Thinky thoughts

So five years ago I was too fat and unfit to flirt with (this was SAID, not IMPLIED), but today I am not.  I will never understand men if I live to be 100.  If the flirting turns into asking me out, I’ma about lose my mind, and of course politely say no. You sure as hell can’t unring that bell.

I enjoyed the job interview yesterday.  They certainly conducted it with dispatch – I was in and out of there in 25 minutes.

I am going to get a little PC to handle PC type stuff for church.  I don’t want to get a virtual machine on my Mac, given that it and its hard drive is quite old and Apple has already told me to go fuck myself if I want to replace it, okay maybe not those words but “This is so old, why don’t you get a new one” were literally what the fixit man said when I was having troubles with the DVD player.

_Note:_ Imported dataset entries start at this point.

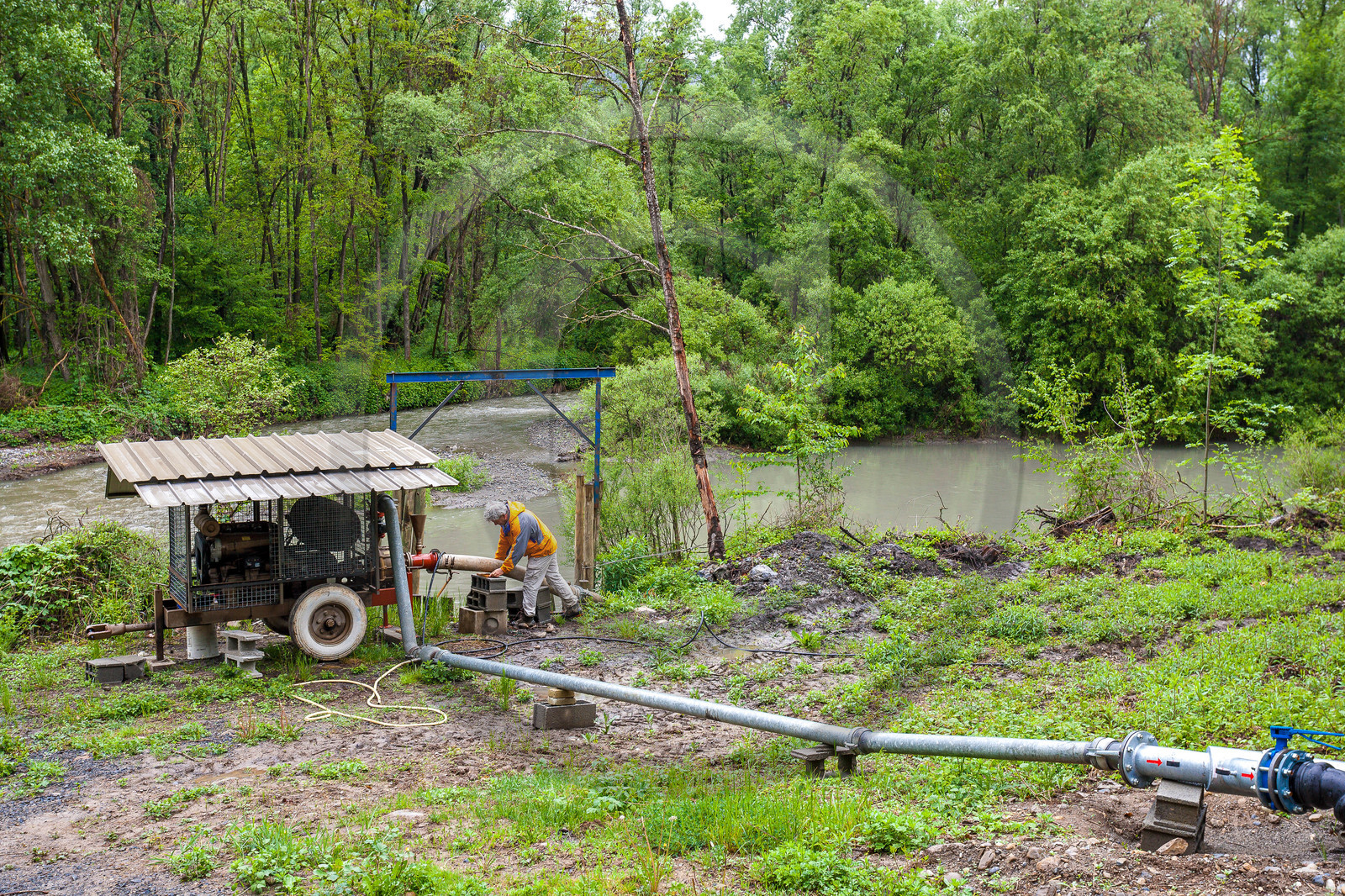 | Description | Alpes-de-Haute-Provence (04), vallée de la Durance, Venterol, Michel Philip, arboriculteur, pompage dans la Durance pour l'arrosage des vergers |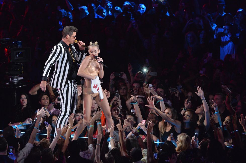 The then-20-year-old twerked as she sang her hit song We Can’t Stop in a silver swimming costume and then changed into a nude latex two-piece and was holding a foam finger as she sang with Robin Thicke his 2013 hit Blurred Lines.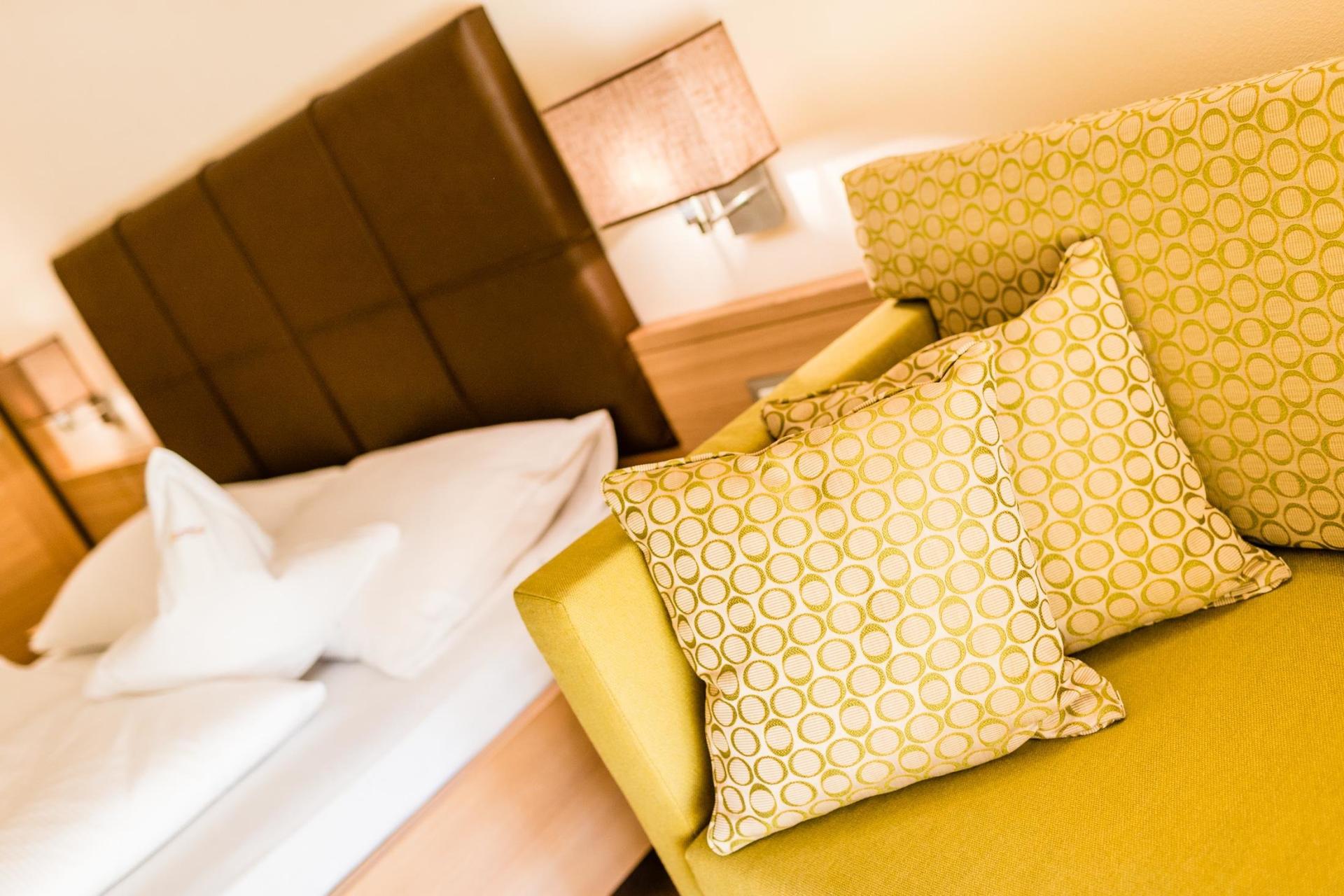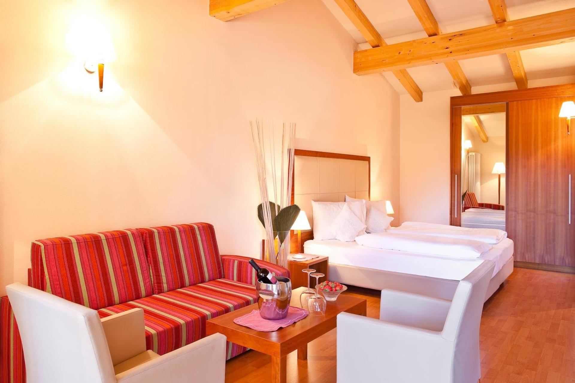 Der separate Wohn/Schlafraum, welcher für Kinder genutzt werden kann, sorgt dafür, dass alle Familienmitglieder ausreichend Platz und Raum haben. Flachbildschirm mit Sat-TV und Radio, Minibar, Telefon, Safe und Balkon mit Blick auf das Meranerland. Badezimmer mit Badewanne und/oder Dusche, WC, Bidet und Fön. Teilweise mit getrennten WC.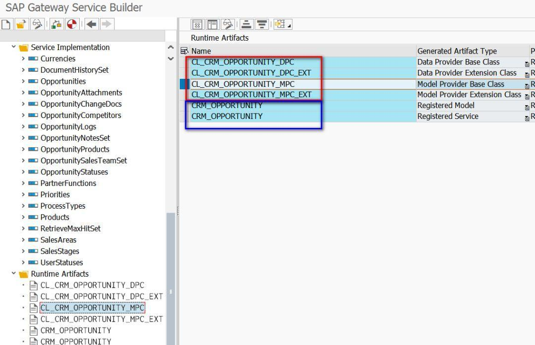 就可以自动生成OData模型,以及前一章节提到的MPC和DPC各两套一共4个ABAP Class,分别对应下图蓝色和红色区域所示,无需应用开发人员再写ABAP代码。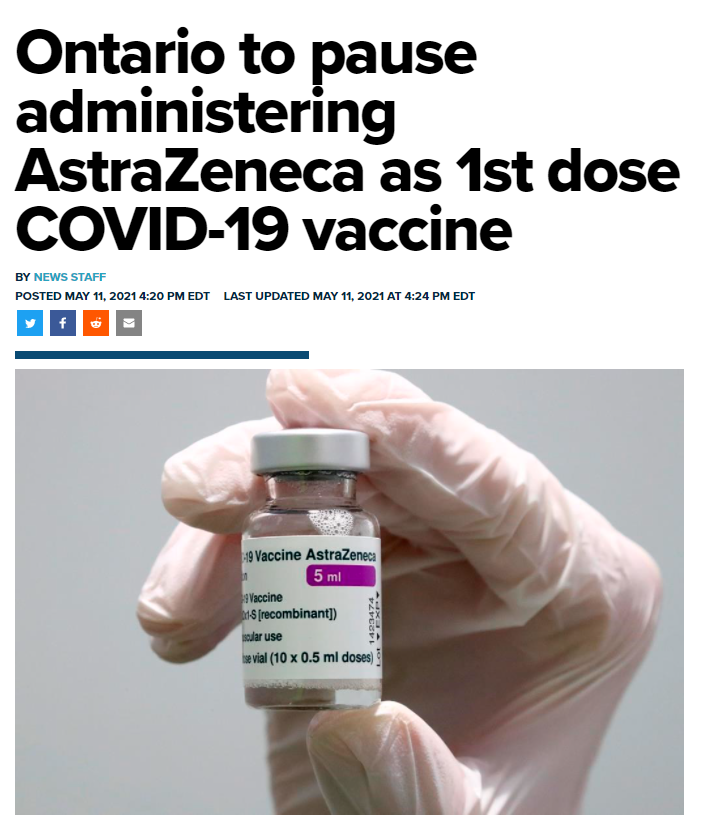 加拿大安省卫生官5月11日宣布,由于人们越来越担心这类疫苗与血栓之间的关联性,安省将停止将阿斯利康作为第一剂新冠疫苗为居民接种。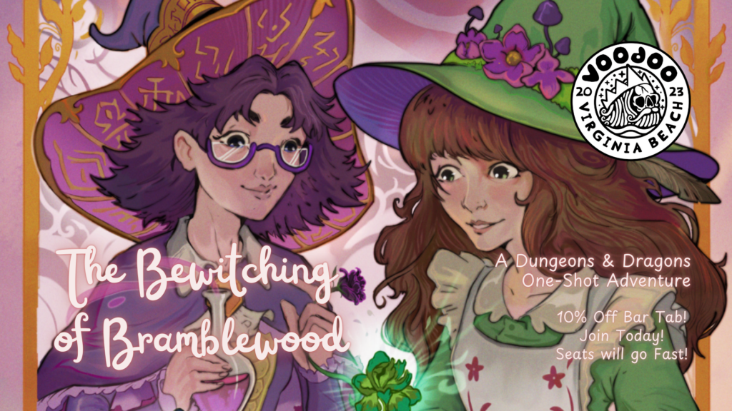 Thanks for your interest in our One-Shot event at Voodoo Brewing in Virginia Beach! Doors open at noon and the game starts at 12:30pm. This game includes: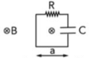 - A square circuit of side ##a=10cm## with a resistance ##R=1k\Omega## and a capacitor ##C=100nF## is in a region of space where there is a ##\vec{B}## field perpendicular to circuit, pointing inward, which changes according to ##\frac{dB}{dt}=-0.01 T/s##
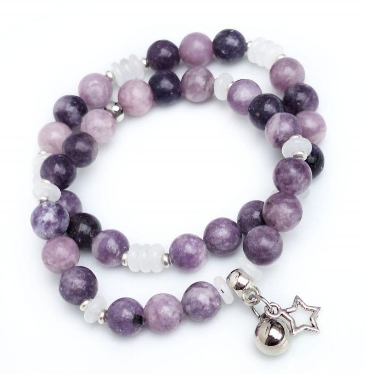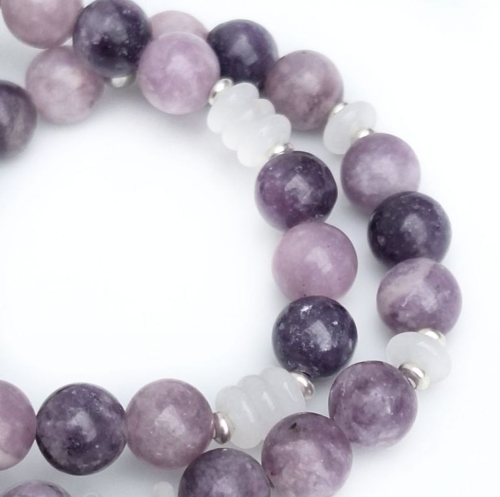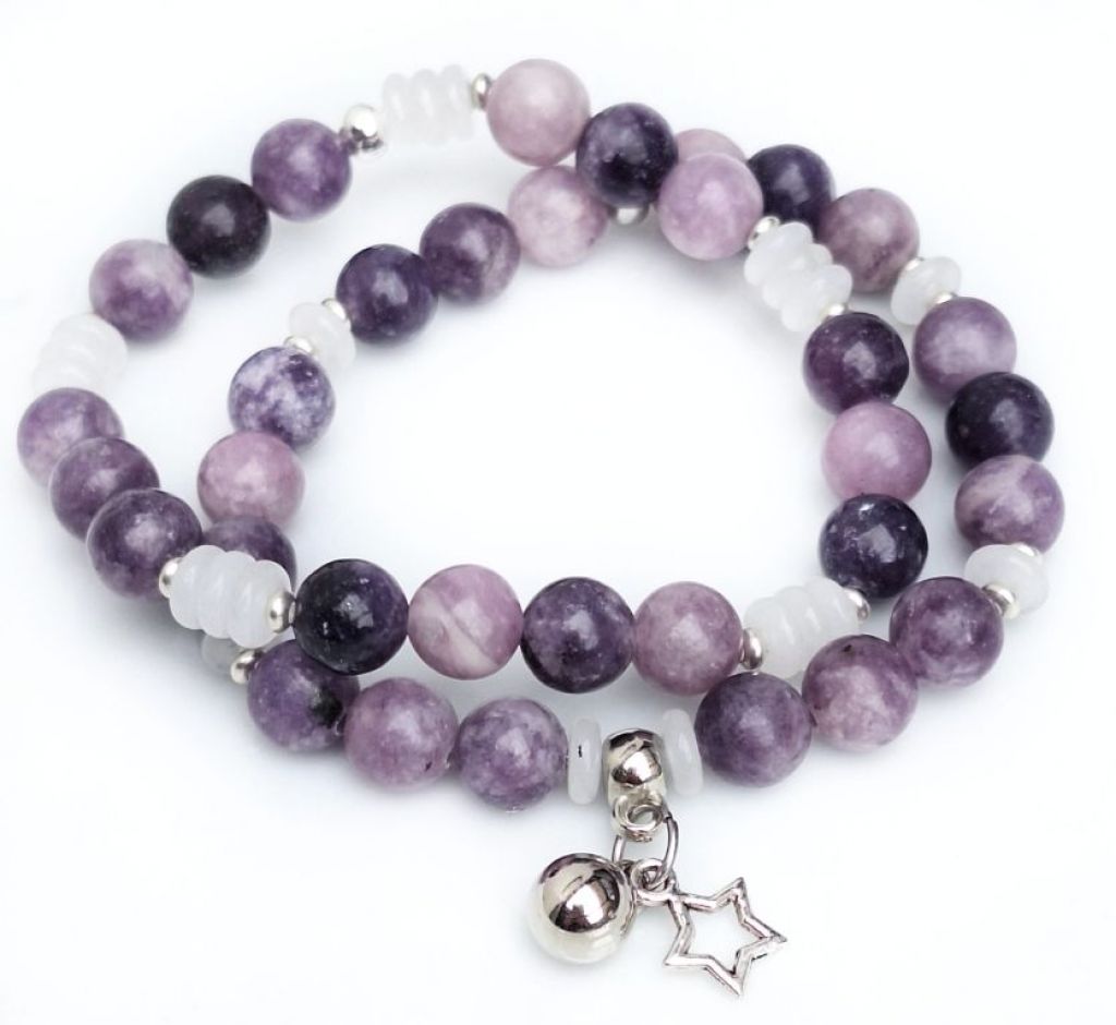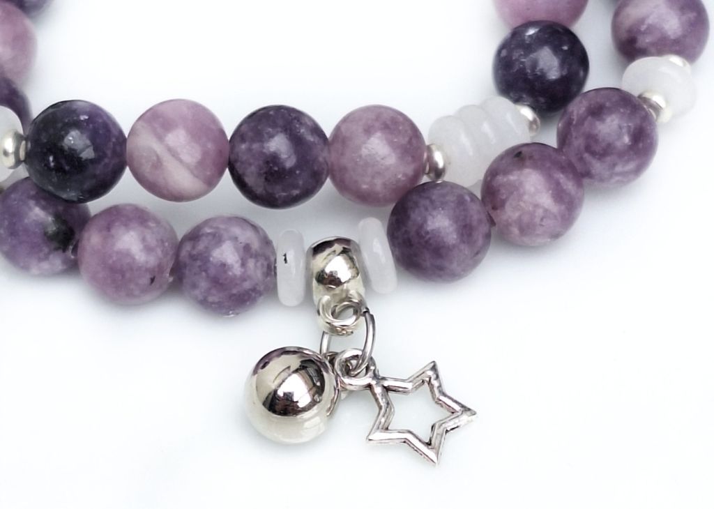 Armbandenset van lepidoliet, jade en zilverkleurige spacers, met bedels, geregen op elastiek.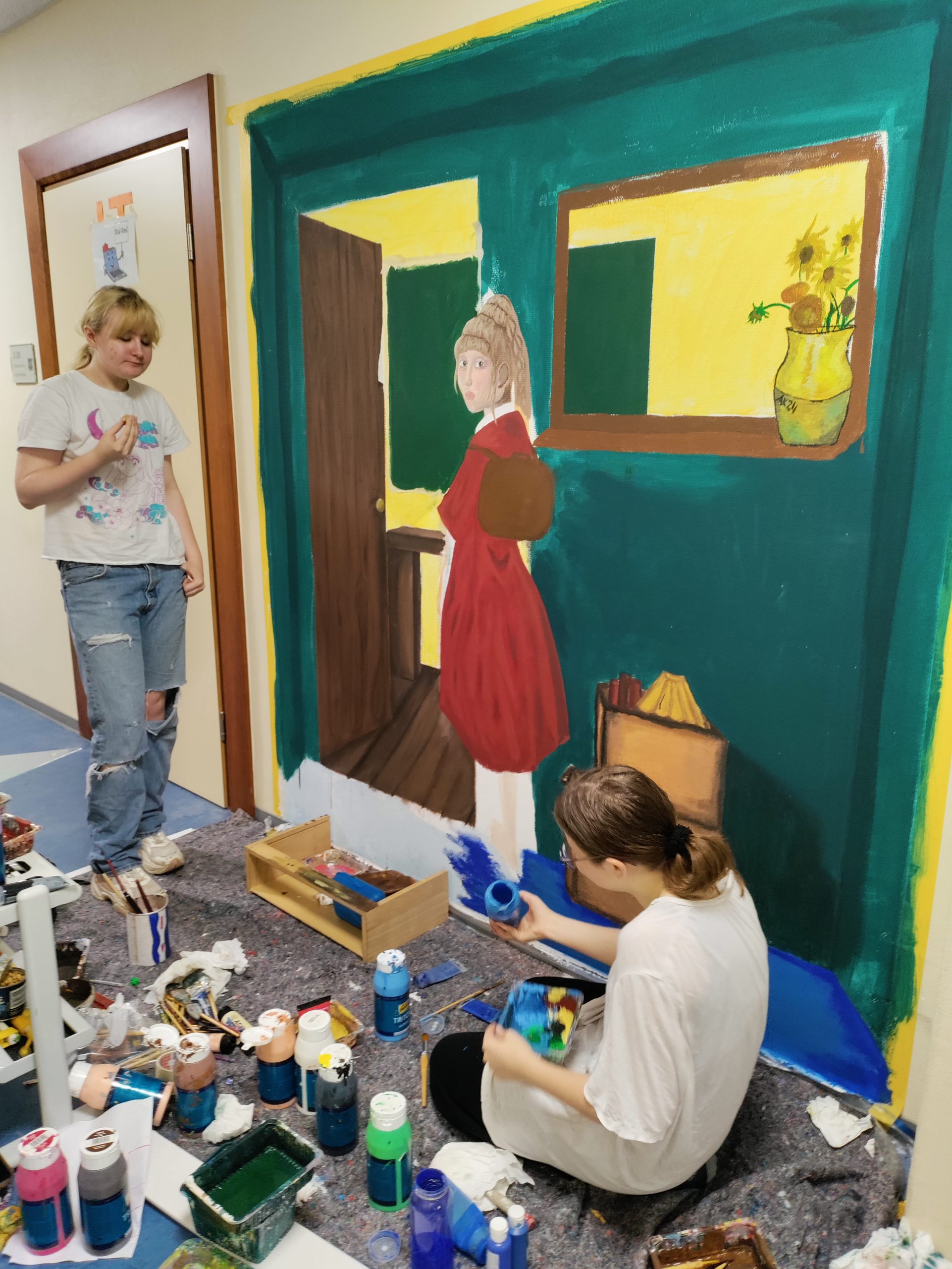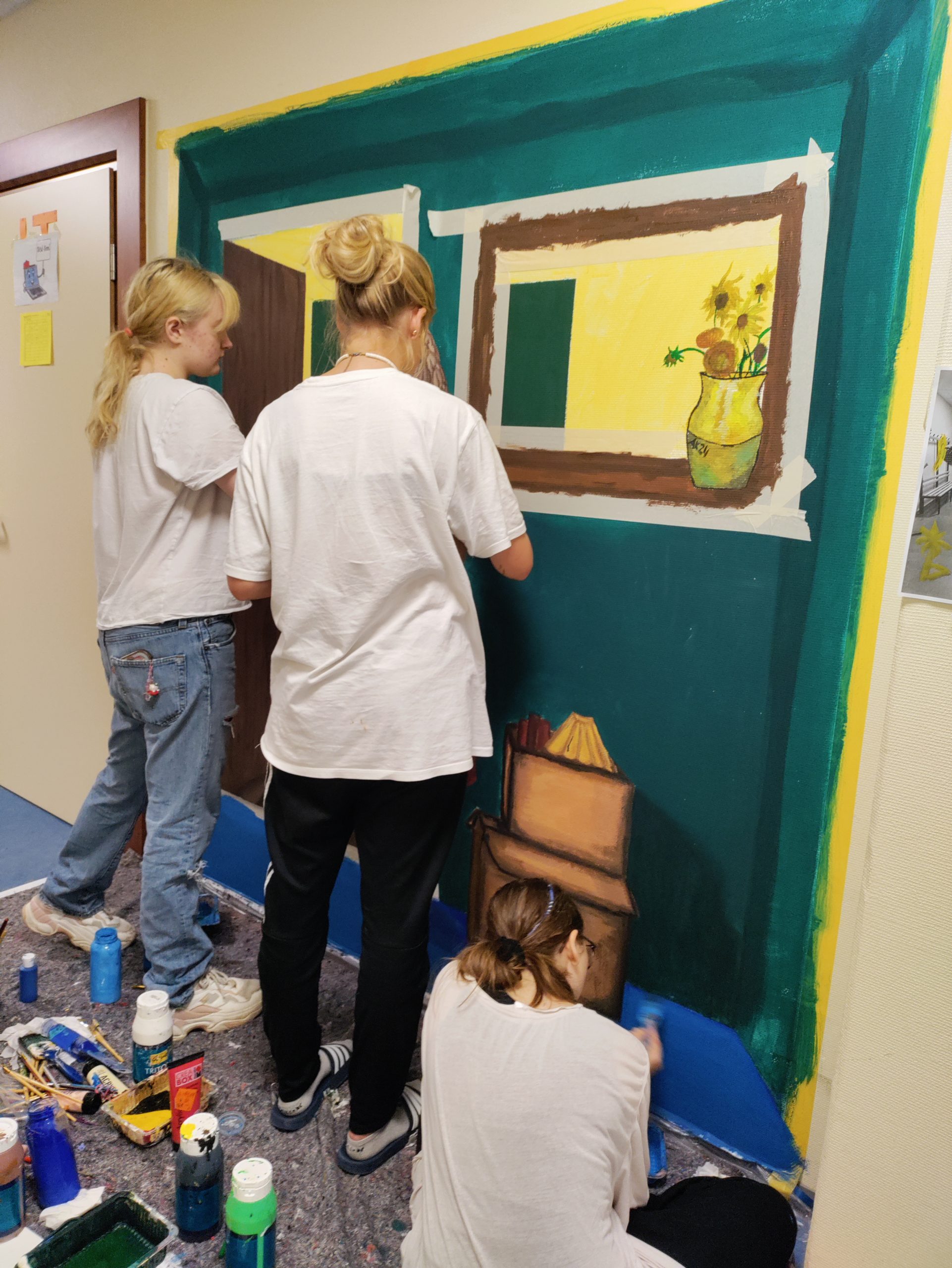 In der Mädchenrealschule Maria Stern leuchtet seit Juli 2024 eine neue Wandmalerei! Vier Abschlussschülerinnen der letzten 10 b, Helena Jorgenson, Eva Zechanig, Zora Schlosser und Sophie Wimmer haben sich die ehrgeizige Aufgabe gestellt, nach der schriftlichen und mündlichen Abschlussprüfung 2024 eine Wand zu bemalen, um sich an der Schule zu „verewigen“, und so entstand ein tolles Gemälde mit einer Maria-Stern Schülerin vor hundert Jahren (Vorbild war hier Vermeers „Mädchen mit dem Perlenohrring“), die in den heutigen IT-Saal läuft und auf die Schülerinnen von heute zurückblickt. Auch van Goghs Sonnenblumen sind auf dem Fenster zum IT-Saal zu sehen, und in alte Kisten sind die Lernmaterialien der letzten sechs Jahre auf Maria Stern gut verpackt. Viele Schülerinnen und Lehrkräfte gehen jeden Tag an dem Gemälde vorbei. Herzlichen Glückwunsch für das Engagement und die tolle Idee für die Verschönerung unseres Schulhauses!

Made refrigerator cookies yesterday.  It’s almost four in the morning and I’m thinking of getting up and slapping some into the oven.

 

Two and a half hours

Lovely lunch with Keith, at the wrong location.  We’d agreed on Heritage but I gapped it and ended up at Ki Sushi.  To say sorry I paid.  It was delightful to see him.  That was from noon til one.  Then I parked at Value Village, walked across the street, went to the library and put a hold on Antifragile (as per LTGW’s suggestion) and picked up three other books including Pinker’s The Blank Slate which has been on my list for EVER, then I made an appointment with a case manager at WorkBC (as I am taking my unemployment seriously now); then I walked to the TD and deposited a large check, then I went to YYoga and picked up some brochures, then I went to the beer store (I’m sorry, but I can’t teetotal when Lion Winter Ale is available) and then I went back to the car and went home.  I should have picked up gas and coffee cream, but that was a lot of walking so I came home and collapsed, when I shouldn’t have.  But it was a jam packed 2 1/2 hours!

No responses to any of my job applications so far, but I guess I wasn’t expecting any.  Sigh.

aw hell, I don’t work there anymore anyway

So once upon a time I had a customer.  A nice one.  Polite, friendly, helpful.
He needed a replacement unit for a customer, we couldn’t ship.
So the customer’s customers, a married couple,  got their litigation on; lawyer’s letter, ugly words exchanged on the phone, BBB threats, I will ruin your reputation, full court press.
Unit FINALLY ships & gets installed.  Customer goes to homeowner getting paperwork signed off and she purrs at him (this the woman who hired a lawyer to sue him) “Wanna go for dinner, my husband’s out of town!”
As I said to the customer, from lawsuit to linguine in one fell swoop.  His comment “I’ve taken one for the team plenty, but I’ve never done THAT.”
We were both howling, it was so funny.  And even funnier because this is an awesome guy, nobody ever LESS deserved to be sued.

Happy Birthday mOm

Tonstant weaders will believe that I have a rather rose coloured view of my mother; those who actually know my mother will know that my pen is a feeble reed in limning all of her sterling personal characteristics.  So to prevent this little screed from becoming a full on panegyric, I’ll take the first three words that come to my mind when I think about her, which are kind, intelligent and industrious, and attempt to fill in the gaps a little.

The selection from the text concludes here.